**What you should do:** Please output the entries below without altering a single character.

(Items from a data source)
++++++++++

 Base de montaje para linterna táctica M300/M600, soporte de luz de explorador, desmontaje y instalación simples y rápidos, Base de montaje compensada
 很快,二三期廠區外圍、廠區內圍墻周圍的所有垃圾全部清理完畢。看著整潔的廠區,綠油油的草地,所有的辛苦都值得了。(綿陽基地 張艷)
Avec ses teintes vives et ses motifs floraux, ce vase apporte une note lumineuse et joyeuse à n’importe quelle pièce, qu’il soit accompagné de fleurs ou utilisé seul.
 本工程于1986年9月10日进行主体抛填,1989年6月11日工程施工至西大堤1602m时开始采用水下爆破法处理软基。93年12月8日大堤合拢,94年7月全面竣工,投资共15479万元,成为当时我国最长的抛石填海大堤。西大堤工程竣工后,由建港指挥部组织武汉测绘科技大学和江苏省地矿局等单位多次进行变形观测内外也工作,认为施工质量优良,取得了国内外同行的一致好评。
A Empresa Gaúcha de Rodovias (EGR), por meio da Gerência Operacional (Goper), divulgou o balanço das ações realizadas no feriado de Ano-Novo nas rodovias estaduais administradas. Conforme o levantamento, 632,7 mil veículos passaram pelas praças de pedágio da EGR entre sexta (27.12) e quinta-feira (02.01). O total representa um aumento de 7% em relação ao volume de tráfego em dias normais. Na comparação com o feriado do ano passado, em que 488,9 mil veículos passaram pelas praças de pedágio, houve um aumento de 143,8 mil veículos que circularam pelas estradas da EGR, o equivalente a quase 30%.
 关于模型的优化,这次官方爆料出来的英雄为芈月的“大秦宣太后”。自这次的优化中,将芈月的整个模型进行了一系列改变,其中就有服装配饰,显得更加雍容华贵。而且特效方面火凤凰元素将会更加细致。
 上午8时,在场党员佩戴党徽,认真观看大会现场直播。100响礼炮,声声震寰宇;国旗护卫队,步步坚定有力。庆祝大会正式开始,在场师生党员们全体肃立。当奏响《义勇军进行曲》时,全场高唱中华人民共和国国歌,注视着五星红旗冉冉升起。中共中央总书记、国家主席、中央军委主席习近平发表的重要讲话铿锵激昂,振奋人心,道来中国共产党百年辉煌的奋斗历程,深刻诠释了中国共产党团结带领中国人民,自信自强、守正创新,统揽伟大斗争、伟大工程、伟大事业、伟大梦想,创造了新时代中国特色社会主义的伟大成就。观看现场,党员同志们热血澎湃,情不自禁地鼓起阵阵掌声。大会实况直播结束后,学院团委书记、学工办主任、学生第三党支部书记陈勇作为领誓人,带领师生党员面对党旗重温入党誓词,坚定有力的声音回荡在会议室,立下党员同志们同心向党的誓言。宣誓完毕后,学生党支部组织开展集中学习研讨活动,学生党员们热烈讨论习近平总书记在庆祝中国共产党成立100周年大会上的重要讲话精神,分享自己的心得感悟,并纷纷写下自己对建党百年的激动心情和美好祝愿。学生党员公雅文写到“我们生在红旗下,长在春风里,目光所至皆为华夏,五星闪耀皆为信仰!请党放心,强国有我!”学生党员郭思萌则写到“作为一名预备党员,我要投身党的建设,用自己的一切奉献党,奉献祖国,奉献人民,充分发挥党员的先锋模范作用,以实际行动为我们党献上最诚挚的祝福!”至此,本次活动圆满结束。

++++++++++

**Response to this exercise:**
 Base de montaje para linterna táctica M300/M600, soporte de luz de explorador, desmontaje y instalación simples y rápidos, Base de montaje compensada
 很快,二三期廠區外圍、廠區內圍墻周圍的所有垃圾全部清理完畢。看著整潔的廠區,綠油油的草地,所有的辛苦都值得了。(綿陽基地 張艷)
Avec ses teintes vives et ses motifs floraux, ce vase apporte une note lumineuse et joyeuse à n’importe quelle pièce, qu’il soit accompagné de fleurs ou utilisé seul.
 本工程于1986年9月10日进行主体抛填,1989年6月11日工程施工至西大堤1602m时开始采用水下爆破法处理软基。93年12月8日大堤合拢,94年7月全面竣工,投资共15479万元,成为当时我国最长的抛石填海大堤。西大堤工程竣工后,由建港指挥部组织武汉测绘科技大学和江苏省地矿局等单位多次进行变形观测内外也工作,认为施工质量优良,取得了国内外同行的一致好评。
A Empresa Gaúcha de Rodovias (EGR), por meio da Gerência Operacional (Goper), divulgou o balanço das ações realizadas no feriado de Ano-Novo nas rodovias estaduais administradas. Conforme o levantamento, 632,7 mil veículos passaram pelas praças de pedágio da EGR entre sexta (27.12) e quinta-feira (02.01). O total representa um aumento de 7% em relação ao volume de tráfego em dias normais. Na comparação com o feriado do ano passado, em que 488,9 mil veículos passaram pelas praças de pedágio, houve um aumento de 143,8 mil veículos que circularam pelas estradas da EGR, o equivalente a quase 30%.
 关于模型的优化,这次官方爆料出来的英雄为芈月的“大秦宣太后”。自这次的优化中,将芈月的整个模型进行了一系列改变,其中就有服装配饰,显得更加雍容华贵。而且特效方面火凤凰元素将会更加细致。
 上午8时,在场党员佩戴党徽,认真观看大会现场直播。100响礼炮,声声震寰宇;国旗护卫队,步步坚定有力。庆祝大会正式开始,在场师生党员们全体肃立。当奏响《义勇军进行曲》时,全场高唱中华人民共和国国歌,注视着五星红旗冉冉升起。中共中央总书记、国家主席、中央军委主席习近平发表的重要讲话铿锵激昂,振奋人心,道来中国共产党百年辉煌的奋斗历程,深刻诠释了中国共产党团结带领中国人民,自信自强、守正创新,统揽伟大斗争、伟大工程、伟大事业、伟大梦想,创造了新时代中国特色社会主义的伟大成就。观看现场,党员同志们热血澎湃,情不自禁地鼓起阵阵掌声。大会实况直播结束后,学院团委书记、学工办主任、学生第三党支部书记陈勇作为领誓人,带领师生党员面对党旗重温入党誓词,坚定有力的声音回荡在会议室,立下党员同志们同心向党的誓言。宣誓完毕后,学生党支部组织开展集中学习研讨活动,学生党员们热烈讨论习近平总书记在庆祝中国共产党成立100周年大会上的重要讲话精神,分享自己的心得感悟,并纷纷写下自己对建党百年的激动心情和美好祝愿。学生党员公雅文写到“我们生在红旗下,长在春风里,目光所至皆为华夏,五星闪耀皆为信仰!请党放心,强国有我!”学生党员郭思萌则写到“作为一名预备党员,我要投身党的建设,用自己的一切奉献党,奉献祖国,奉献人民,充分发挥党员的先锋模范作用,以实际行动为我们党献上最诚挚的祝福!”至此,本次活动圆满结束。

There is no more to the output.